### [Activity]
Before copying, set aside the pictures; then restate exactly the lines from the one with "Once the tomatoes" through the last line of the records.

### [Input for this task]

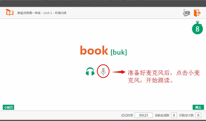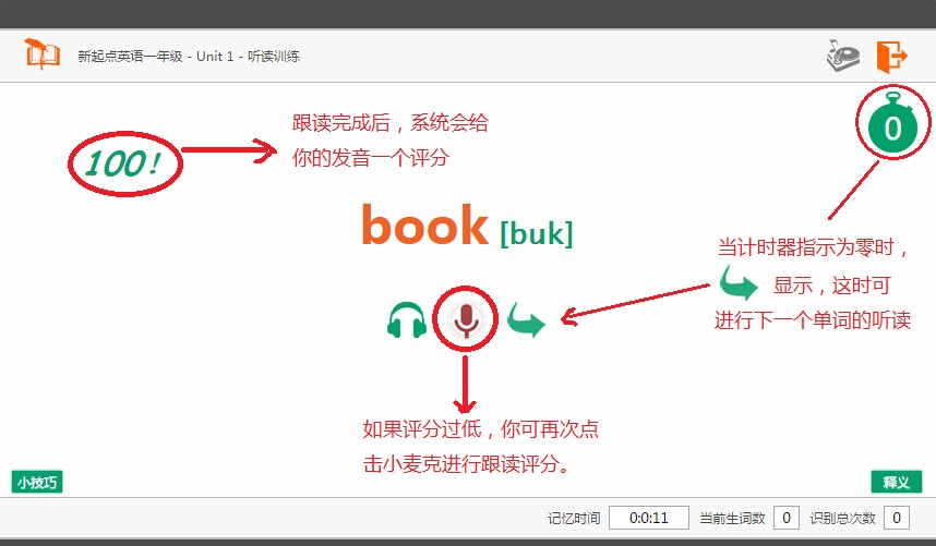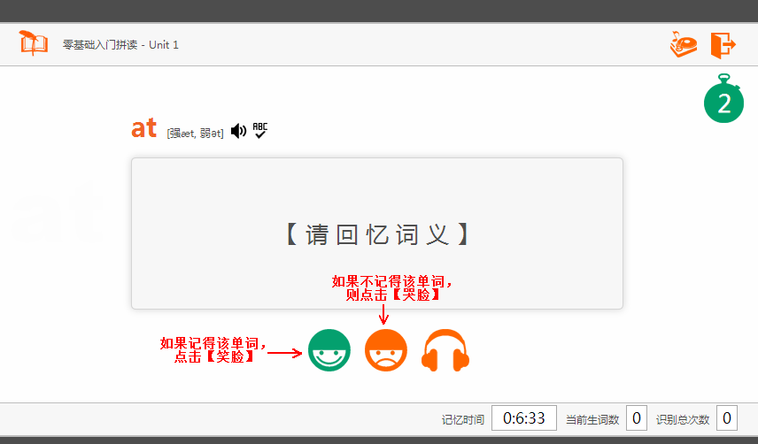 在做智能记忆时 系统会给出一个单词和读音,请在5秒钟倒计时时限内 快节奏大声跟读2遍单词,不停顿直接说出词义。
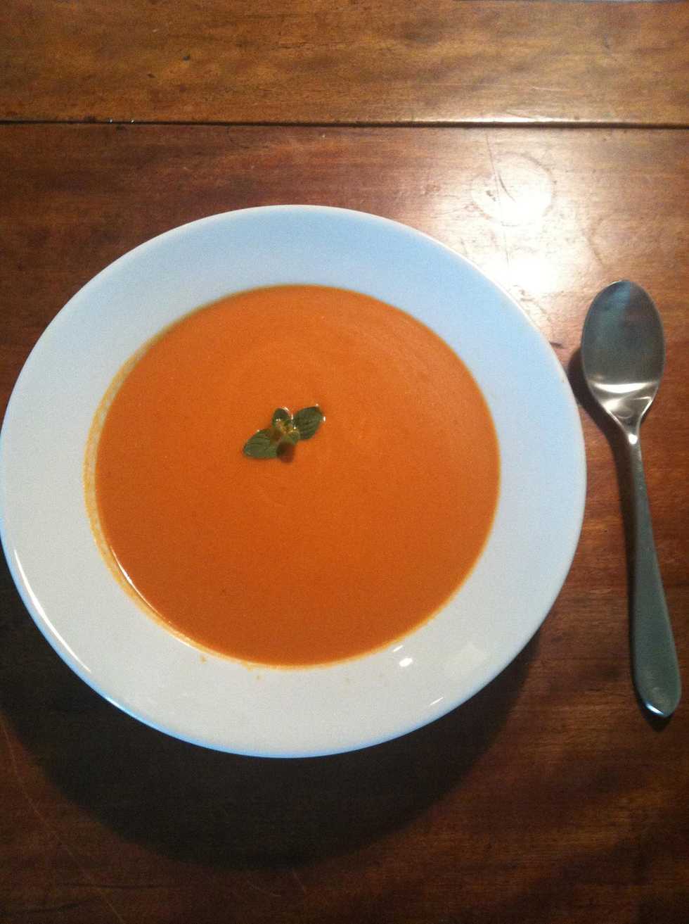 Once the tomatoes are soft (10-15 min) use a stick blender or stand blender to pure the soup. For a smoother consistency blend the soup while it is still hot, but be careful not to burn yourself.
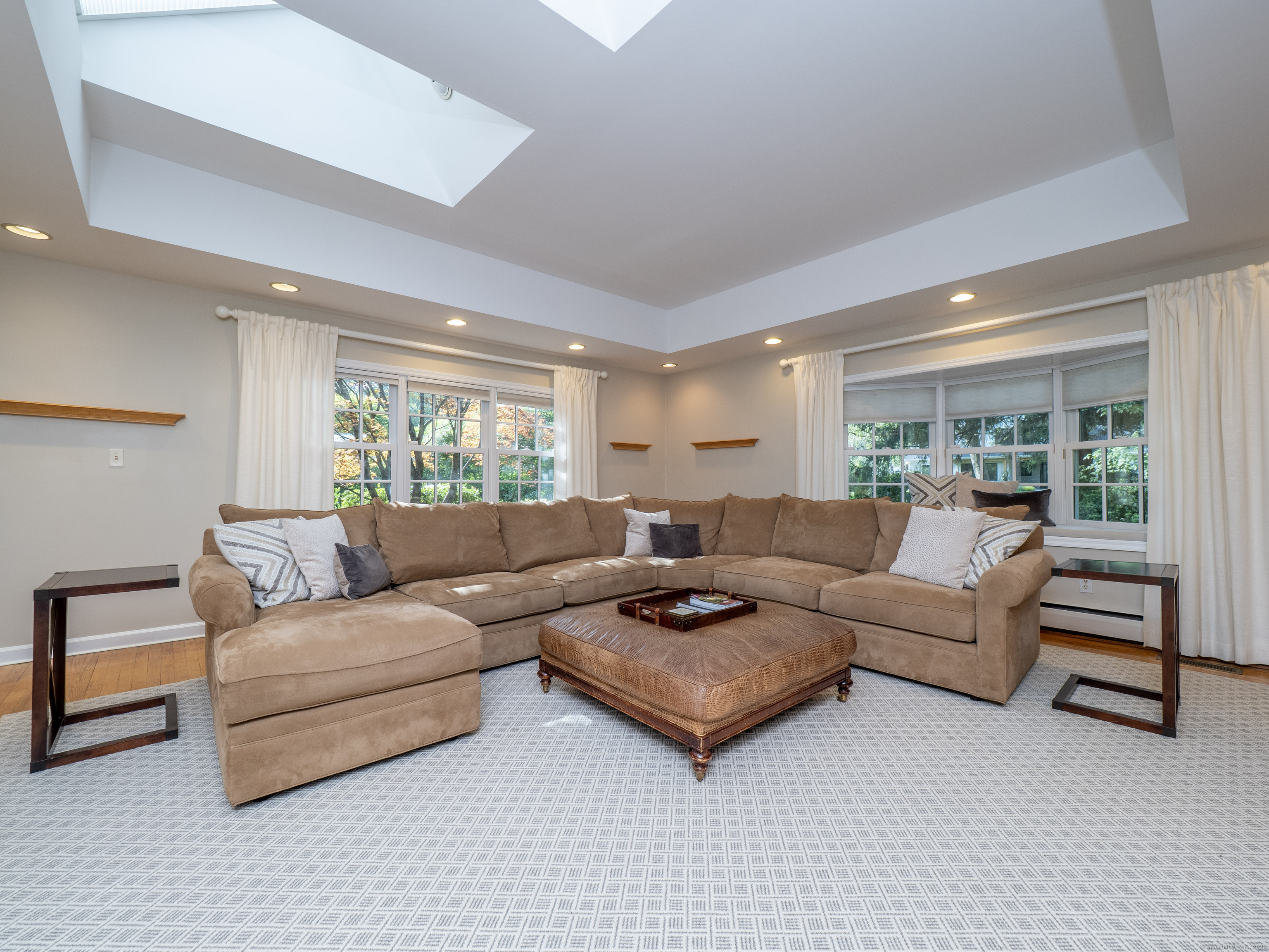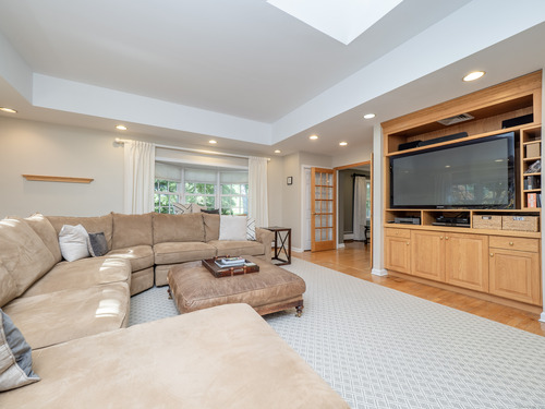 Bay/Bow Window, Skylight, 9 ft+ Ceilings, Built-Ins, Entertainment Center, Hardwood Floor
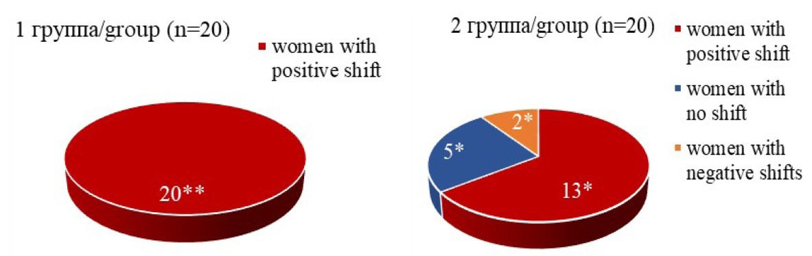 Таким образом, мы выявили, что все женщины в 1 группе при исследовании Индекса Кердо, получили улучшение показателей (Z <0.01). Во 2 группе мы наблюдали улучшение показателей Индекса Кердо у меньшего количества испытуемых, при этом наблюдались ухудшения результатов и отсутствие изменений в показателях Индекса Кердо (Z <0.05). После проведения эксперимента в 1 группе 8 пациенток с выраженными симпатическими проявлениями перешли в группу с умеренными симпатическими проявлениями, 2 пациентки продемонстрировали признаки эйтонии, перейдя из группы с умеренными симпатическими проявлениями. 5 женщин с выраженными парасимпатическими проявлениями перешли в группу с умеренными парасимпатическими показателями. Во 2 группе после реабилитационных мероприятий ни у одной из пациенток не наблюдались показатели эйтонии. 2 женщины перешли в группу с умеренными симпатическими проявлениями из группы с выраженными симпатическими показателями. В группах пациенток с выраженными и умеренными парасимпатическими показателями динамика не наблюдалась.
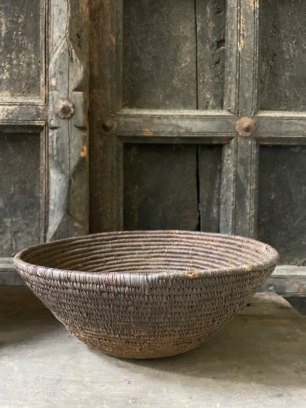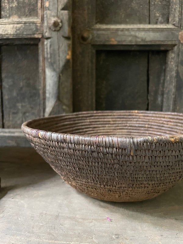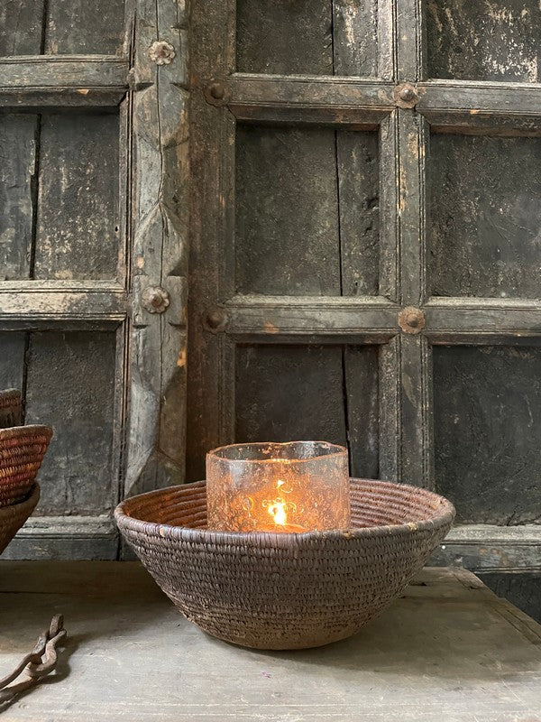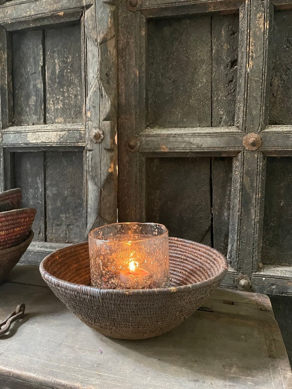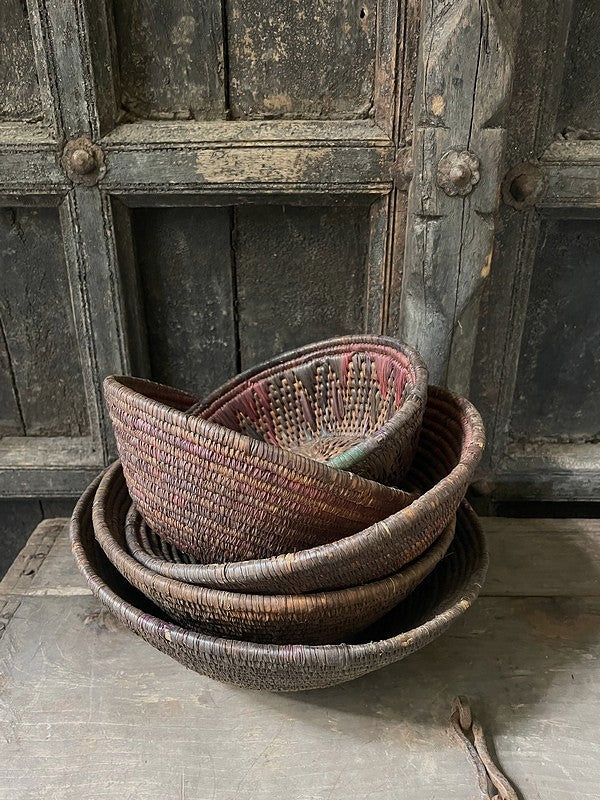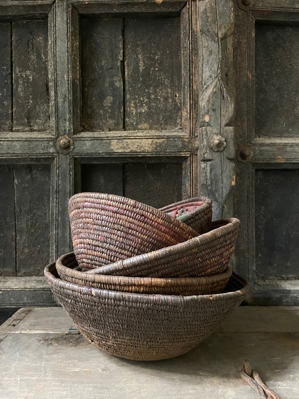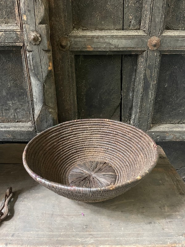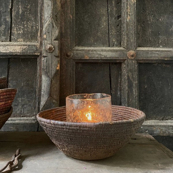 Authentiek desert mandje uit het woestijngebied in India. Deze mandjes zijn prachtig in hun originele bruin- en auberginetinten. Mooi als serveerschaaltje of met een glazen windlichtje, of stapel deze mandjes voor een speels effect.

### [Response to this exercise]
 Once the tomatoes are soft (10-15 min) use a stick blender or stand blender to pure the soup. For a smoother consistency blend the soup while it is still hot, but be careful not to burn yourself.
 Bay/Bow Window, Skylight, 9 ft+ Ceilings, Built-Ins, Entertainment Center, Hardwood Floor
 Таким образом, мы выявили, что все женщины в 1 группе при исследовании Индекса Кердо, получили улучшение показателей (Z <0.01). Во 2 группе мы наблюдали улучшение показателей Индекса Кердо у меньшего количества испытуемых, при этом наблюдались ухудшения результатов и отсутствие изменений в показателях Индекса Кердо (Z <0.05). После проведения эксперимента в 1 группе 8 пациенток с выраженными симпатическими проявлениями перешли в группу с умеренными симпатическими проявлениями, 2 пациентки продемонстрировали признаки эйтонии, перейдя из группы с умеренными симпатическими проявлениями. 5 женщин с выраженными парасимпатическими проявлениями перешли в группу с умеренными парасимпатическими показателями. Во 2 группе после реабилитационных мероприятий ни у одной из пациенток не наблюдались показатели эйтонии. 2 женщины перешли в группу с умеренными симпатическими проявлениями из группы с выраженными симпатическими показателями. В группах пациенток с выраженными и умеренными парасимпатическими показателями динамика не наблюдалась.
 Authentiek desert mandje uit het woestijngebied in India. Deze mandjes zijn prachtig in hun originele bruin- en auberginetinten. Mooi als serveerschaaltje of met een glazen windlichtje, of stapel deze mandjes voor een speels effect.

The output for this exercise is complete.